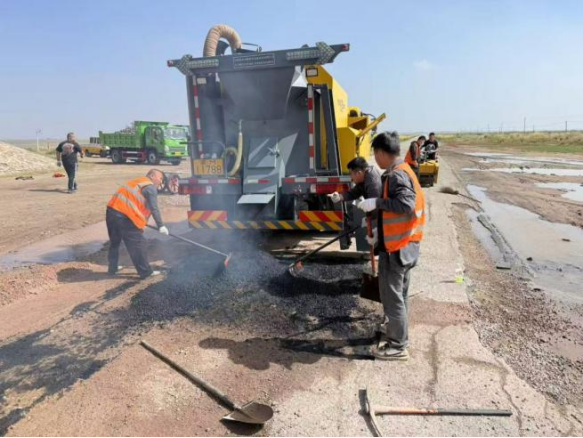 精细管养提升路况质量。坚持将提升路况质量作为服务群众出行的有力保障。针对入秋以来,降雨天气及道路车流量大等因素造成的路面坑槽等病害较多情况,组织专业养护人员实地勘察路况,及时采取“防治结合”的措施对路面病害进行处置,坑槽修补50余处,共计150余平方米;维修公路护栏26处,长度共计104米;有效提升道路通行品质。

--- --- ---

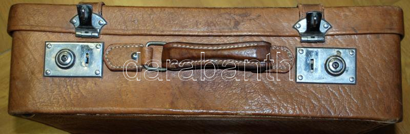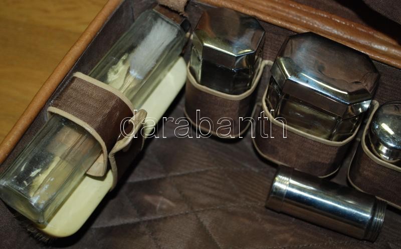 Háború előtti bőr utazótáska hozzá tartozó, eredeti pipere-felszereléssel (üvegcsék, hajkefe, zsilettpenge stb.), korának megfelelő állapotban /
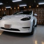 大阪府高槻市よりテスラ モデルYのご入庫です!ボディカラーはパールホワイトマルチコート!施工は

--- --- ---

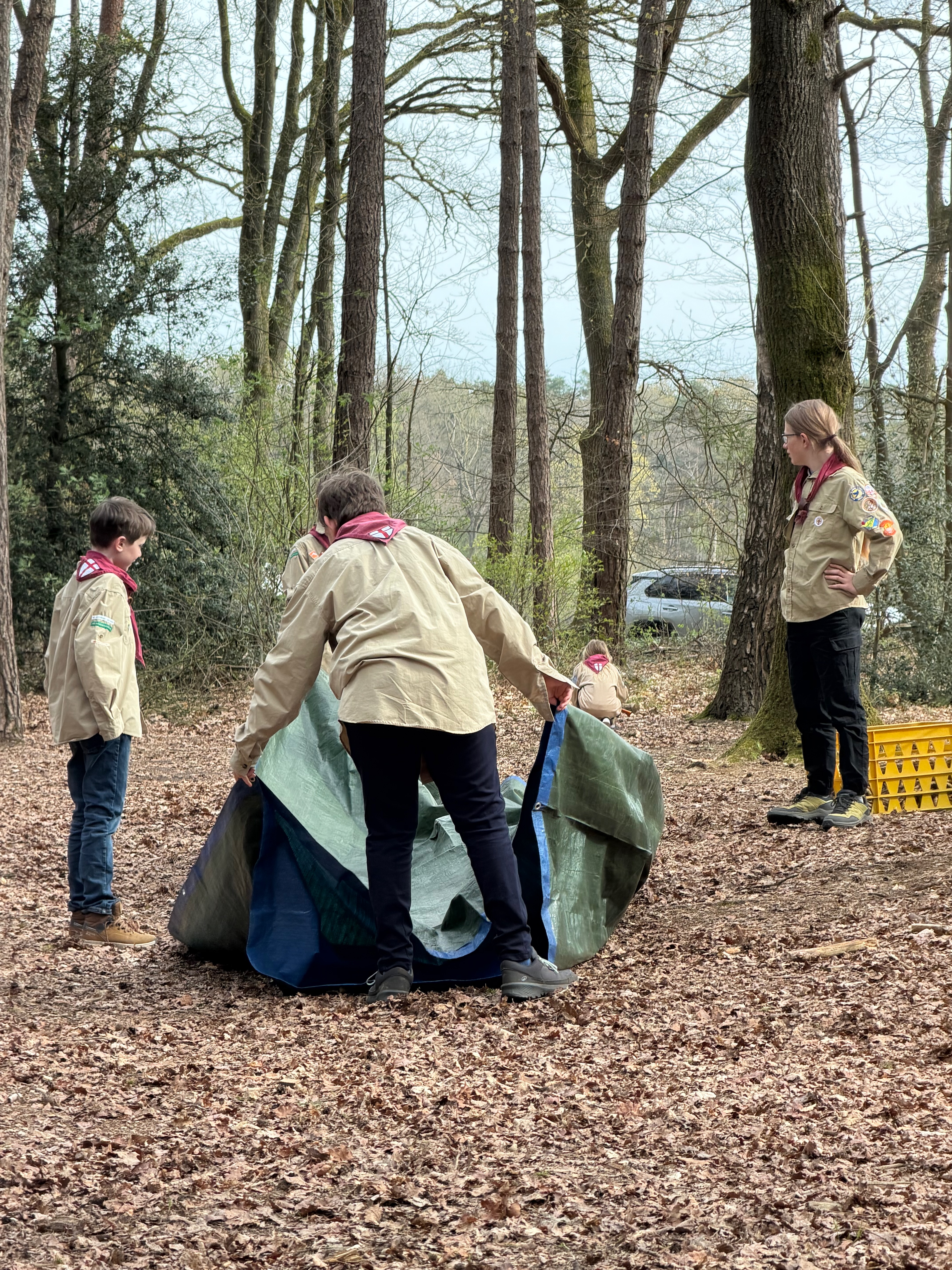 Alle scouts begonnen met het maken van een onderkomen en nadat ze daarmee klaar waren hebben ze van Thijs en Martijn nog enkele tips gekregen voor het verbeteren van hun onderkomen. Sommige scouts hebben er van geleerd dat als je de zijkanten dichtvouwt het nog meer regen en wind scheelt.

--- --- ---

Exercise prompt: Would you write out exactly the lines above, starting at the line containing "Háború előtti bőr" and stopping after the line containing "大阪府高槻市よりテスラ モデ"? Omit the pictures.

Reply to the task:
 Háború előtti bőr utazótáska hozzá tartozó, eredeti pipere-felszereléssel (üvegcsék, hajkefe, zsilettpenge stb.), korának megfelelő állapotban /
 大阪府高槻市よりテスラ モデルYのご入庫です!ボディカラーはパールホワイトマルチコート!施工は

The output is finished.